Productivity can be a very tricky thing to gauge so it is always a good idea to pick a standard measurement that you can compare against to track your productivity. With that out of the way, there are many different things that can affect productivity as @Atrophius mentions but I'd like to focus on a few different aspects that can help your teams productivity.
Good Source Control - All projects are built on top of the bedrock of the source control being used. Make sure your developers know how to use your source control properly and make sure that you are using a system that allows your developers to work how they need to. Its also important that your developers "check in early, check in often" to help solve integration issues as soon as possible and when they are smaller problems.

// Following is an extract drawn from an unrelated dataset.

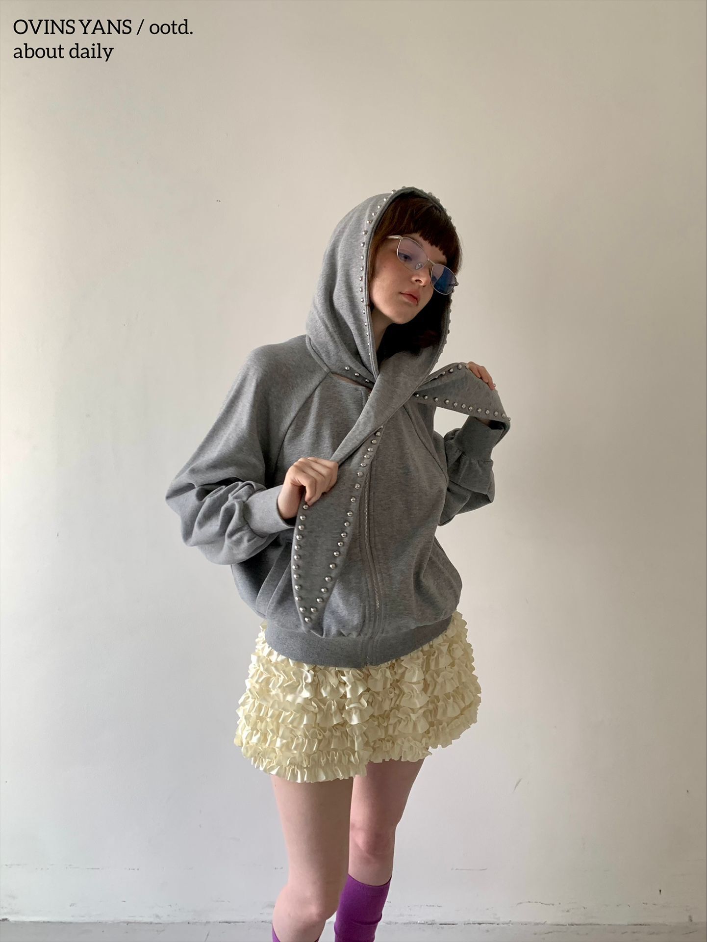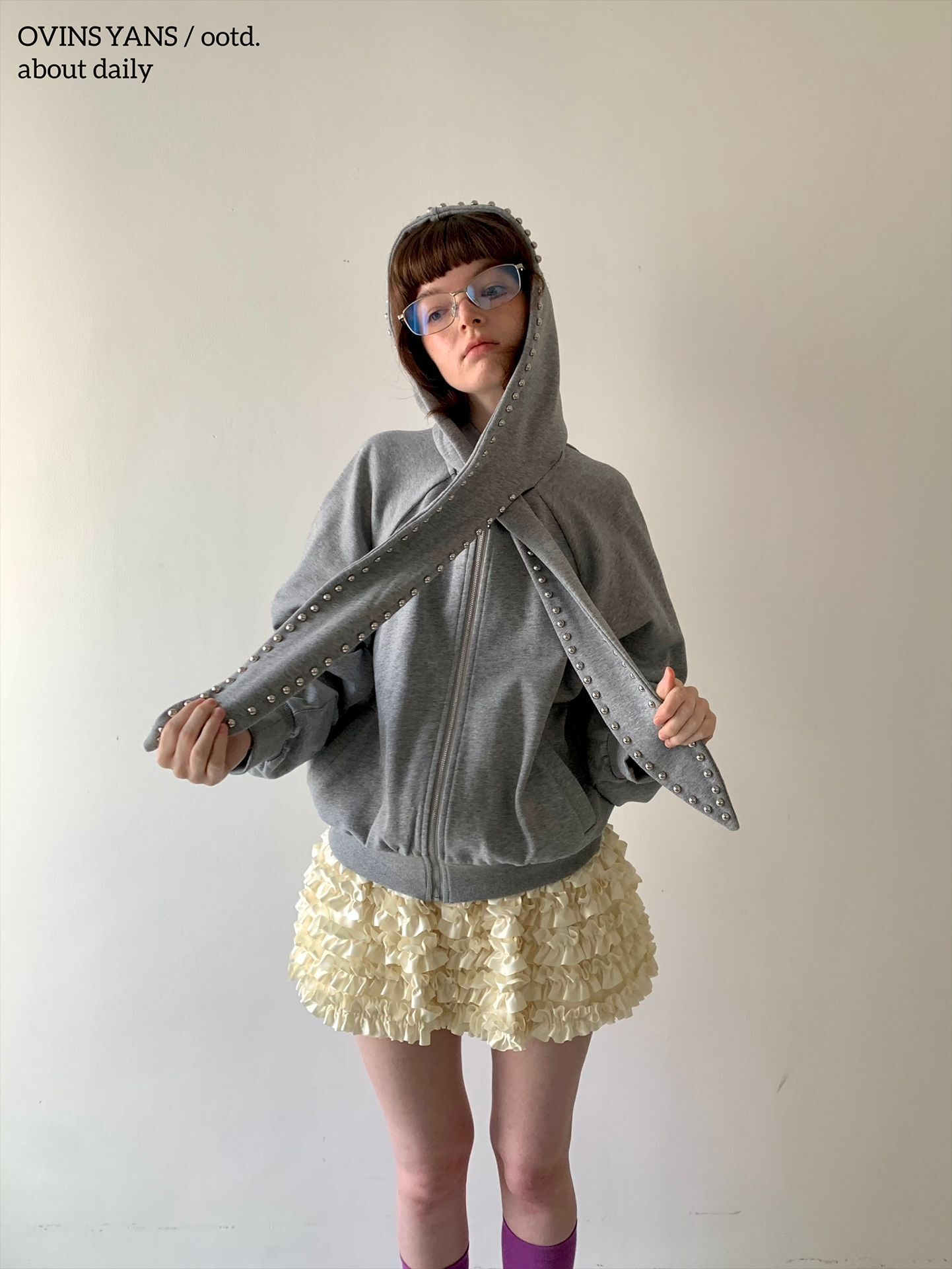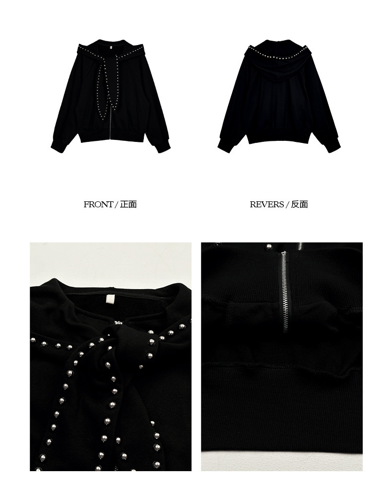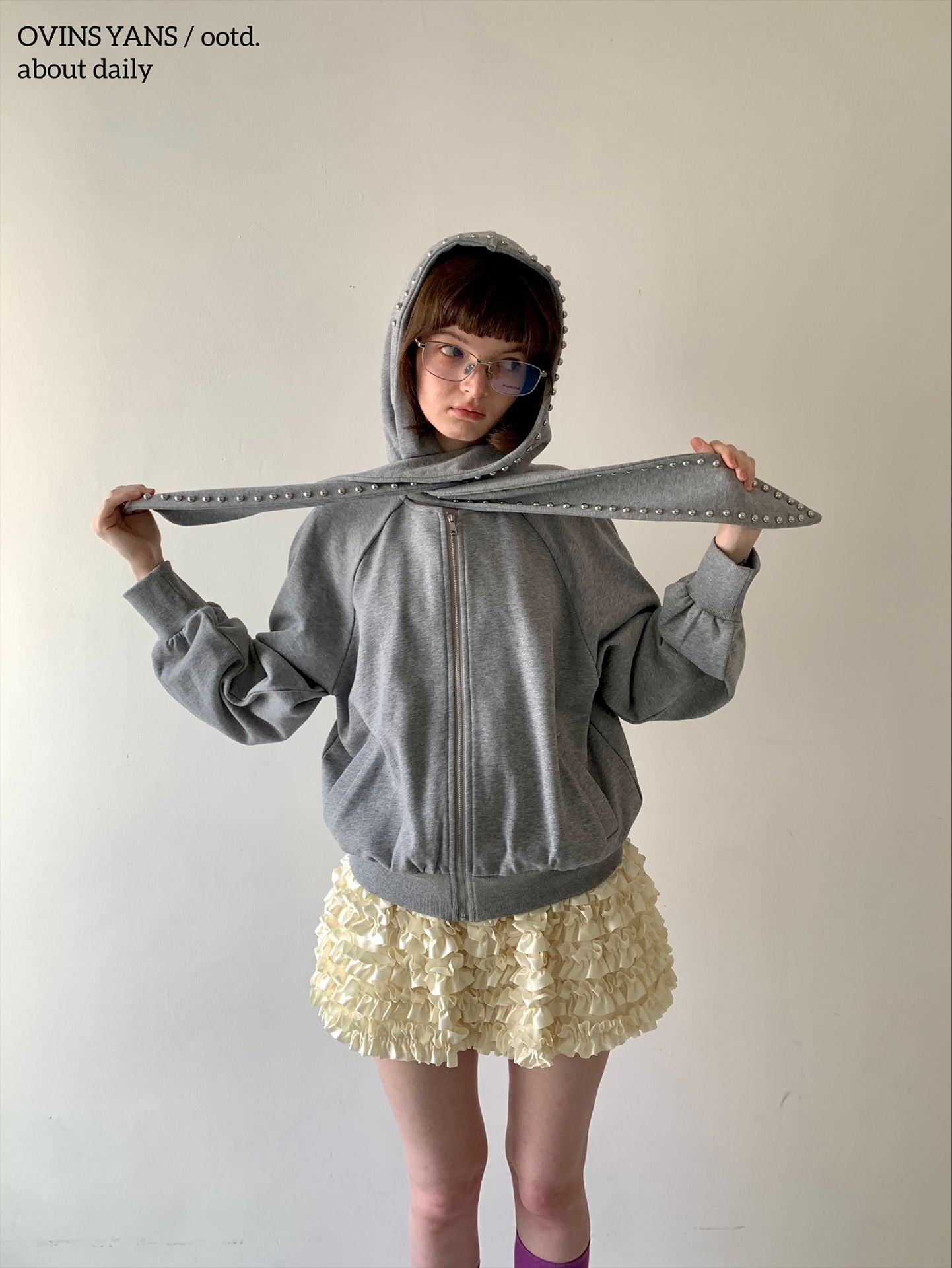 *o-ha-you*【FOY101038】鉚釘兔耳連帽衛衣2025秋款寬鬆休閒百搭長袖上衣-2色

Automation - One of the best things you can do for your developers is work out a powerful and flexible automation system. The most important things to automate are your builds, tests, and releases. If your developers have to remember to integrate some code and run a bunch of tests manually, its never going to get done. With solid project automation, your developers know when a build breaks sooner than later, they have the most current documentation, and they know their projects tests are helping maintain the quality standards.
Testing Testing Testing - If your developers aren't writing tests regularly and often, they should. By writing a comprehensive set of tests as you write code, your developers help keep the system design in mind and also ensure a good level of quality to their code. These tests should be automated and should be run with every code commit.
Time-Boxed Development - Its always a drain on a developer if a feature or project just drag on and on and on. The best way to combat this is to pick very small, specific goals that can be achieved within about a 2-4 week time period. Once your team has decided on these goals, do everything you can to avoid interruptions and have these features done, done, done at the end of that 2-4 week iteration. By done, done, done, I mean it is unit tested, automated, documented, and in a releasable state.
Better teamwork and communication - I find that the teams I have been on are much more productive if we are effectively communicating with each other as a team. It is important to build the communication channels and trust between developers so that they can come to rely on each other and work through problems faster and with better results. I've found that using daily Scrums we can communicate with each other quickly and effectively.
These are only a few suggestiong, but I find that without these main areas covered, your productivity gains by adding monitors or chairs isn't nearly as useful.